WORK TASK:
Range to copy from the entries below: the line containing "Pan Martin’s, queso" through the line containing "Οι θέσεις των", inclusive. Retype only those lines, exactly, without any images.

INPUT:
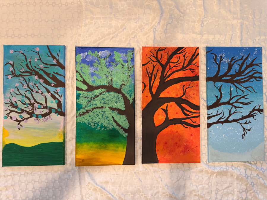 🎨 Four individual canvas panels forming one complete tree design based on the four seasons
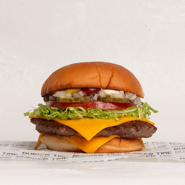 Pan Martin’s, queso cheddar, cebolla picada, lechuga, tomate, pepinillo, mostaza, ketchup y mayonesa
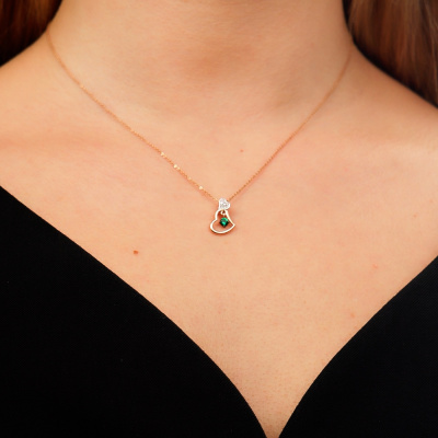 Подвеска с 6 бриллиантами природными, 0.02 карат, огранка круг 17 граней, цвет 2, чистота 2, тип огранки А; 1 гидротермальным изумрудом, 0.1 карат; Розовое золото 585 пробы.
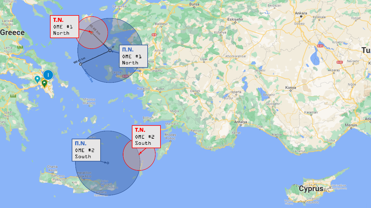 Οι θέσεις των στόλων, απόγευμα 25ης Ιουλίου 2029. Οι κύκλοι γύρω από τις τέσσερις Ομάδες Μάχης Επιφανείας (ΟΜΕ) συμβολίζουν την αντιαεροπορική ομπρέλα ακτίνας 100χλμ για τον Aster 30 και 50χλμ για τους ESSM.
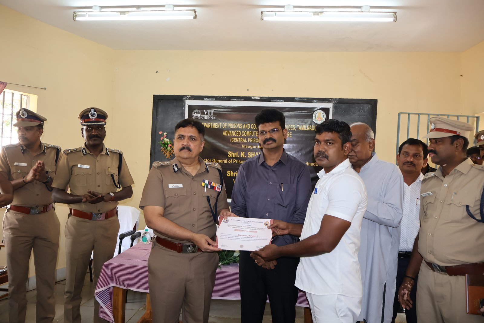 On 25.02.2026 Certificate distribution for the inmates of Mahatma Gandhi Community College – Central Prison for Men, Puzhal, Chennai in the presence of Shri. K. Shankar, IPS, DGP & IG Prisons and Dr. G.V. Selvam, Vice President, Vellore Institute of Technology (VIT) and all other Prison Officials participated and congratulated the initiative of ICRDCE for serving the most marginalized, neglected and vulnerable sections of the society.
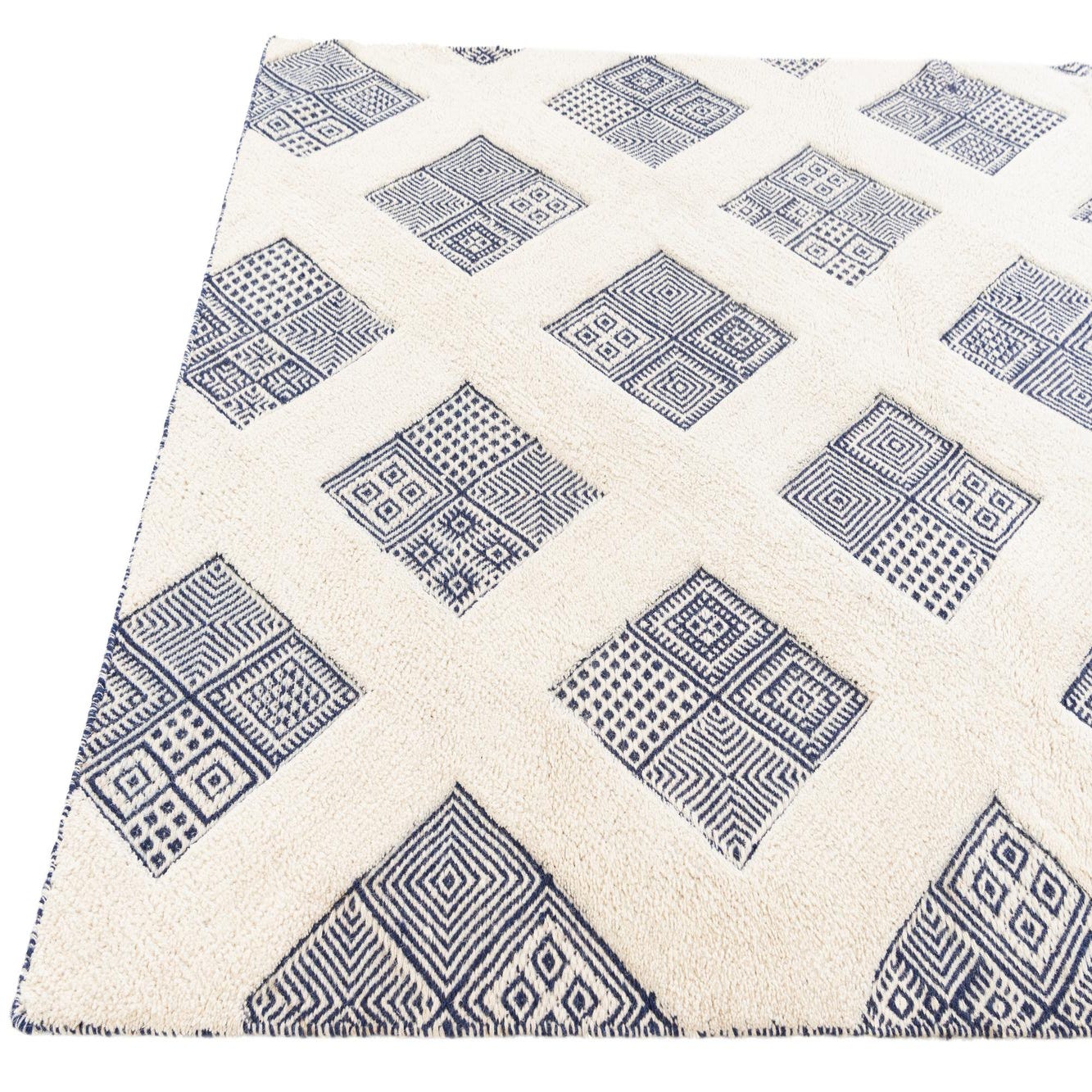 A 5x8 rectangular ivory modern wool rug with a pattern of large navy blue geometric diamonds.
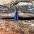 Sterling Silver long Drop shape Blue Green Opal doublet pendant
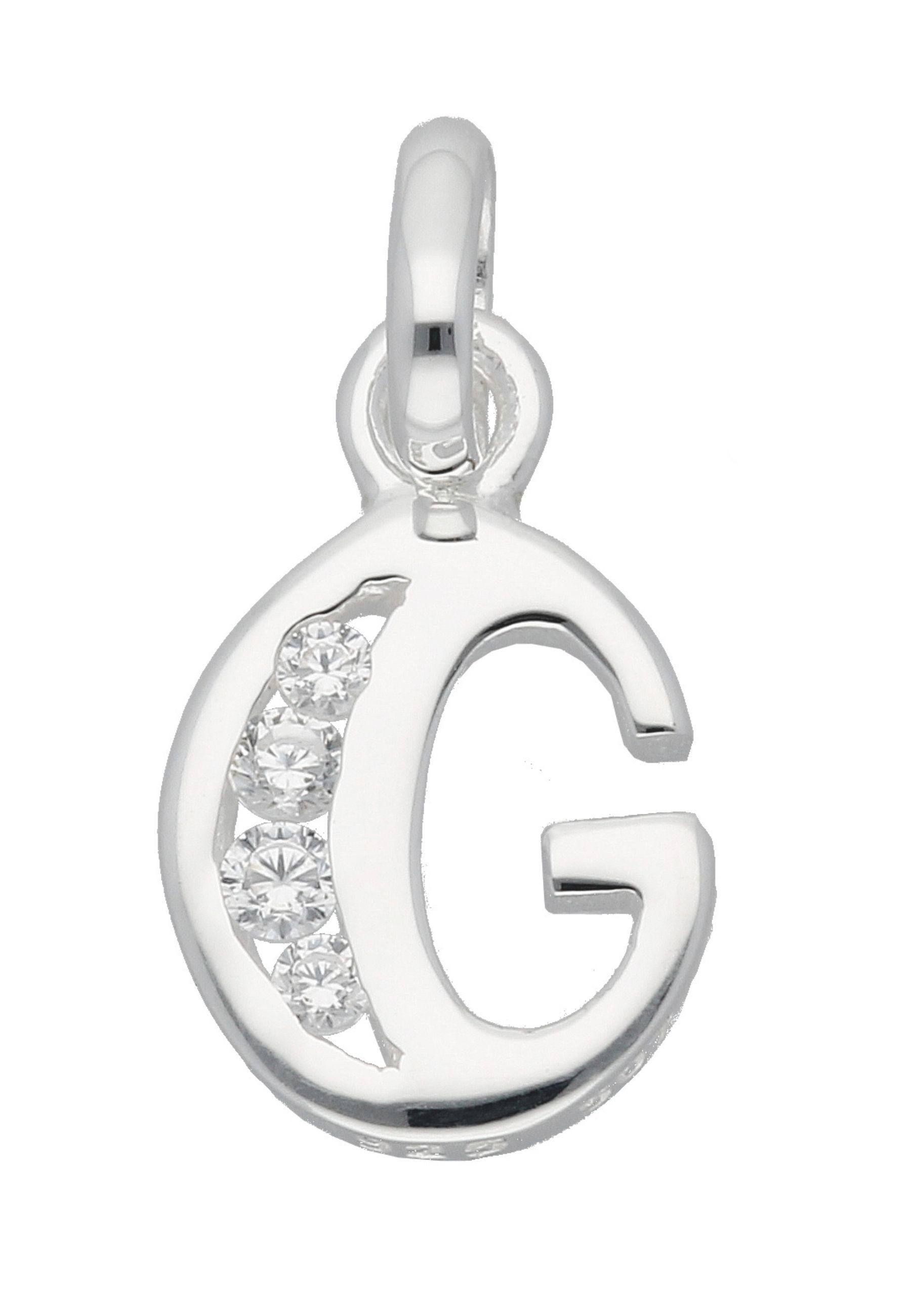 Adelia´s Namenskette Halskette - Namenskette mit Buchstabenanhänger G mit Zirkonia, Schmuckset mit bis 45 cm stufenlos verstellbarer 925 Silber Halskette
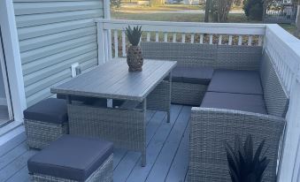 Nestled in Sneads Ferry, this delightful coastal, beach cottage offers 3 beautiful bedrooms, master suite with a Queen, bedroom 2 with two queens, bedroom 3 with 2 full bunkbeds and twin trundle, 2 lovely full bathrooms, and essential amenities: all new furniture and appliances including full-sized washer and dryer, high-speed WiFi, grill, lovely outdoor dining furniture on a relaxing deck, large front porch with rockers to enjoy morning coffee, fully stocked kitchen with coffee and tea pots, toaster, dishwasher oven with air fryer etc, lots of games, and central AC/heating. The home is in walking distance to a gelato cafe with the best gelato, sorbet and other delicious treats! Take in one of their cooking classes if available during your stay! The cozy atmosphere and comfortable furnishings make it a relaxing retreat for guests looking to unwind and indulge. The home is a few miles from Topsail Beach. We're happy to assist with any questions while you stay at our cottage.About pets:No pets allowed.About checkOut:Check out before 10:00 AM.About children:Children allowed: ages 0-17.About customRules:There is no smoking in this home. There will be at least a $500 fee charged to the card used for booking if anyone smokes in the home..There are no pets allowed in the home. There will be at least a $250 fee charged to the card used for booking if a pet is brought into the home..About checkIn:Check in after 4:00 PM.About smoking:Smoking is not permitted.About minBookingAge:Minimum age to rent: 21.About events:Events allowed: family gatherings.Maximum event attendees: 10.
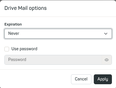 Figure 3: In the Drive Mail options you can set an expiration date and secure the link with a password.
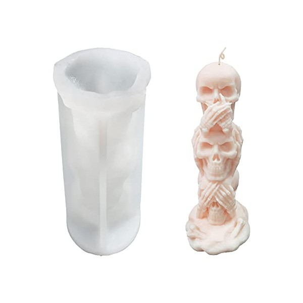 3D Skull Candle Mold Column Silicone Resin Mold for Aromatherapy Candles Resin Casting Homemade Soap Wax Making Polymer Clay DIY Craft

YOUR RESPONSE:
 Pan Martin’s, queso cheddar, cebolla picada, lechuga, tomate, pepinillo, mostaza, ketchup y mayonesa
 Подвеска с 6 бриллиантами природными, 0.02 карат, огранка круг 17 граней, цвет 2, чистота 2, тип огранки А; 1 гидротермальным изумрудом, 0.1 карат; Розовое золото 585 пробы.
 Οι θέσεις των στόλων, απόγευμα 25ης Ιουλίου 2029. Οι κύκλοι γύρω από τις τέσσερις Ομάδες Μάχης Επιφανείας (ΟΜΕ) συμβολίζουν την αντιαεροπορική ομπρέλα ακτίνας 100χλμ για τον Aster 30 και 50χλμ για τους ESSM.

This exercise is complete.